» Study material:
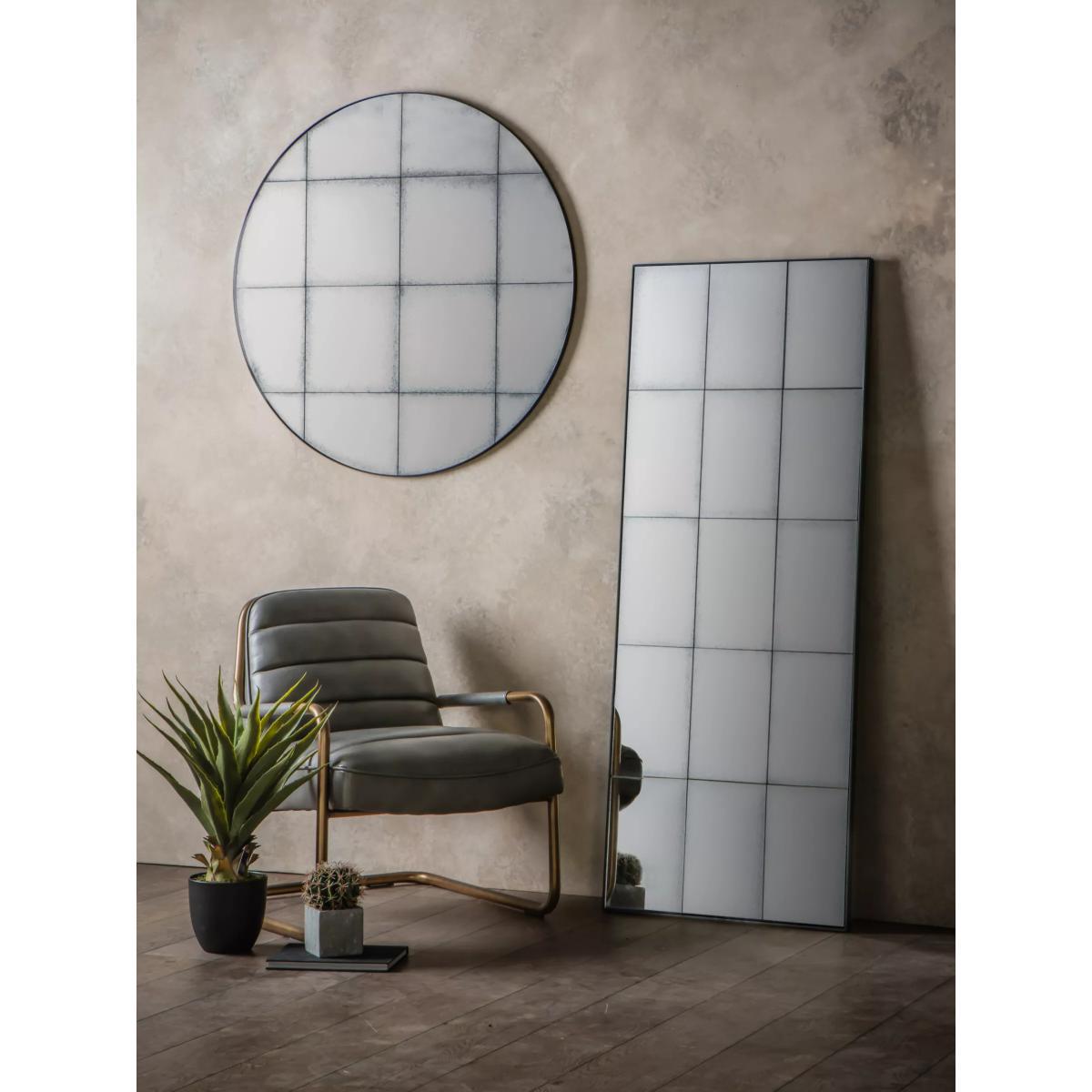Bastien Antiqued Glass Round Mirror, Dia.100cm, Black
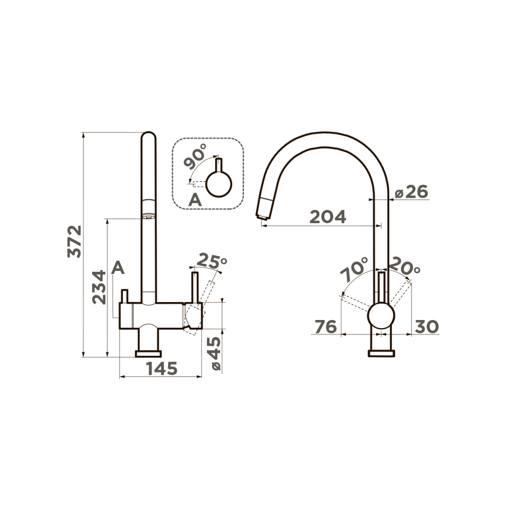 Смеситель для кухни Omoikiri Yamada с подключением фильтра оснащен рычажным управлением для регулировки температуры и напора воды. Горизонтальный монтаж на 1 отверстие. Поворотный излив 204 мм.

...

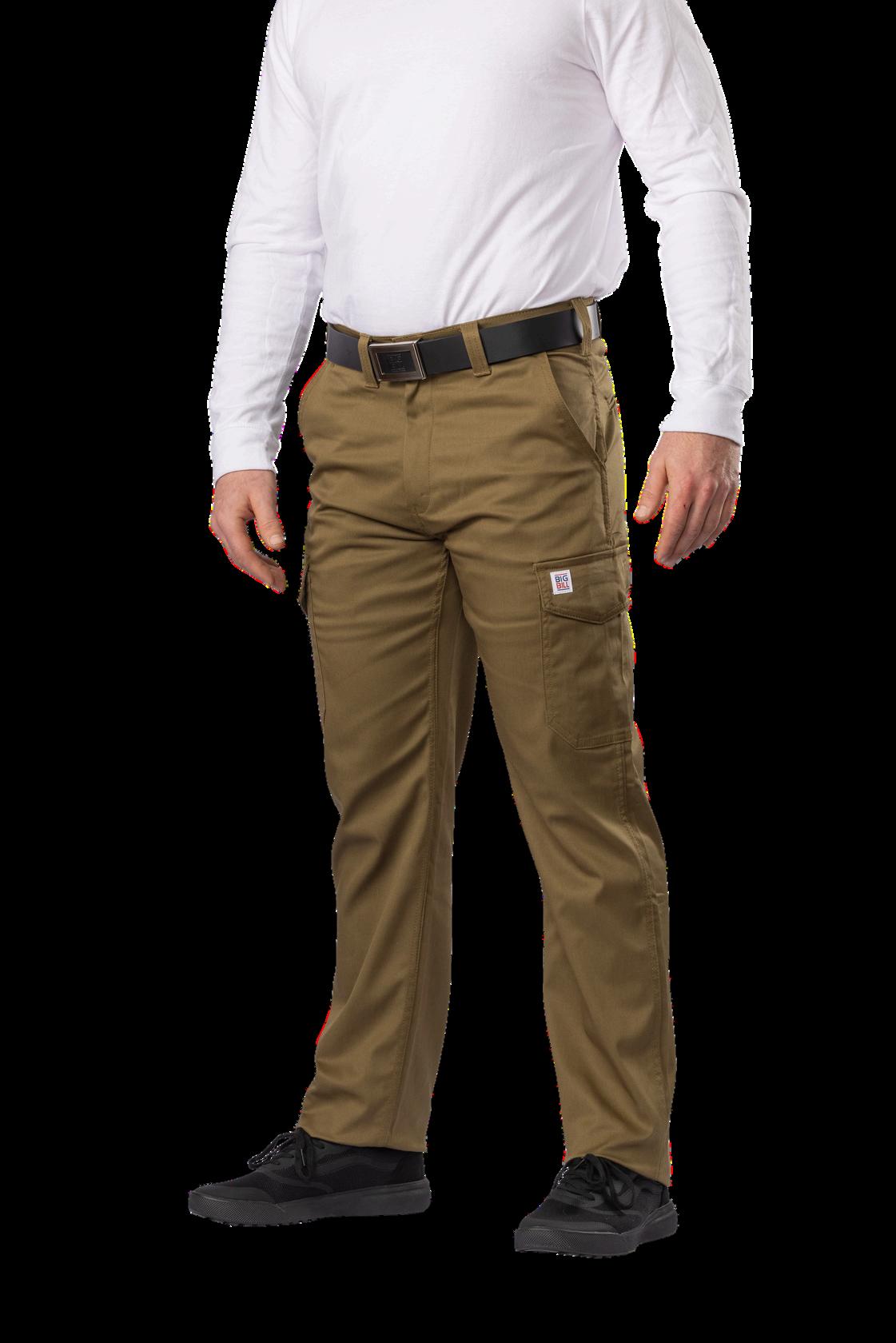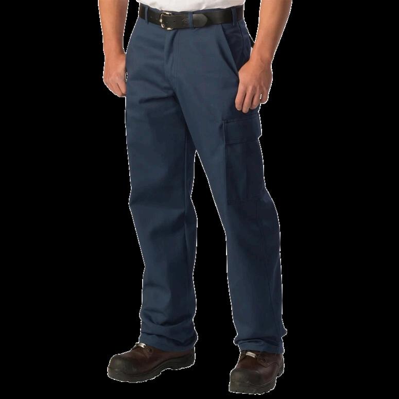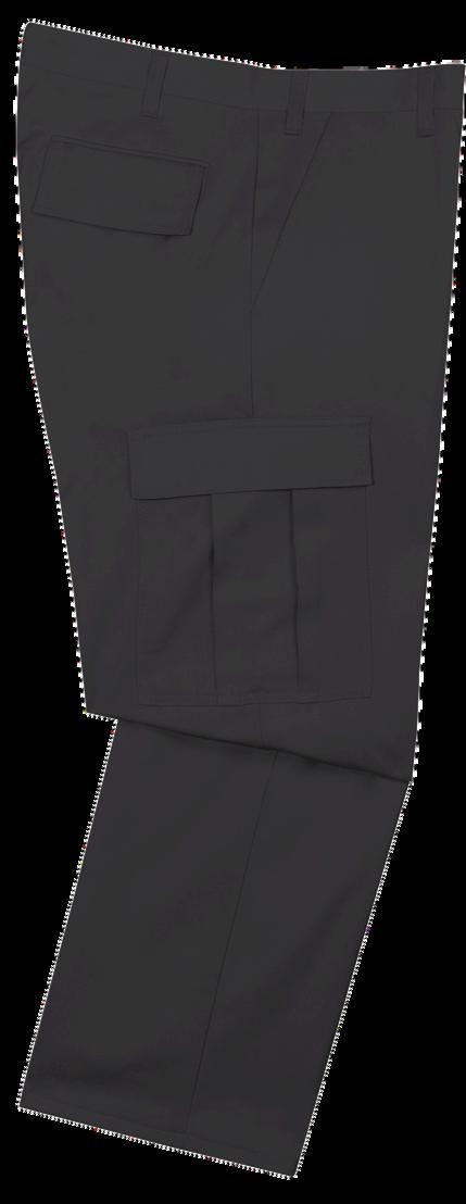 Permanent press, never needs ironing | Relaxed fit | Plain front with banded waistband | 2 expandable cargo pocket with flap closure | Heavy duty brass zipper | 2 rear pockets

...

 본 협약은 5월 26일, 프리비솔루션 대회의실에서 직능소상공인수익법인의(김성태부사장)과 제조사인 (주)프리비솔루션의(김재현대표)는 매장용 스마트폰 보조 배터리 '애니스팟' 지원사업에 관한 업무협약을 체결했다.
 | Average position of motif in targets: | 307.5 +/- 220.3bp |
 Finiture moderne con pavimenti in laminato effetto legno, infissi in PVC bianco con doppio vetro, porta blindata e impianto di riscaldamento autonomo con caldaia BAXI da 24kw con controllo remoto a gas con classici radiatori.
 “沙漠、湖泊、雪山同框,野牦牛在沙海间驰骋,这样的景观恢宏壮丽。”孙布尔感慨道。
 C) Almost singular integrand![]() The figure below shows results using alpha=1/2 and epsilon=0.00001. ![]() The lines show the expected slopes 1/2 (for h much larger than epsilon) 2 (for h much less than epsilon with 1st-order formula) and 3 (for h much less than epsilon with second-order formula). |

» Exercise goal: Send back exactly the lines of the listing above starting at the one with "307.5 +/- 220.3bp |" and ending at the one with "C) Almost singular", inclusive, and no others.

» Result below:
 | Average position of motif in targets: | 307.5 +/- 220.3bp |
 Finiture moderne con pavimenti in laminato effetto legno, infissi in PVC bianco con doppio vetro, porta blindata e impianto di riscaldamento autonomo con caldaia BAXI da 24kw con controllo remoto a gas con classici radiatori.
 “沙漠、湖泊、雪山同框,野牦牛在沙海间驰骋,这样的景观恢宏壮丽。”孙布尔感慨道。
 C) Almost singular integrand![]() The figure below shows results using alpha=1/2 and epsilon=0.00001. ![]() The lines show the expected slopes 1/2 (for h much larger than epsilon) 2 (for h much less than epsilon with 1st-order formula) and 3 (for h much less than epsilon with second-order formula). |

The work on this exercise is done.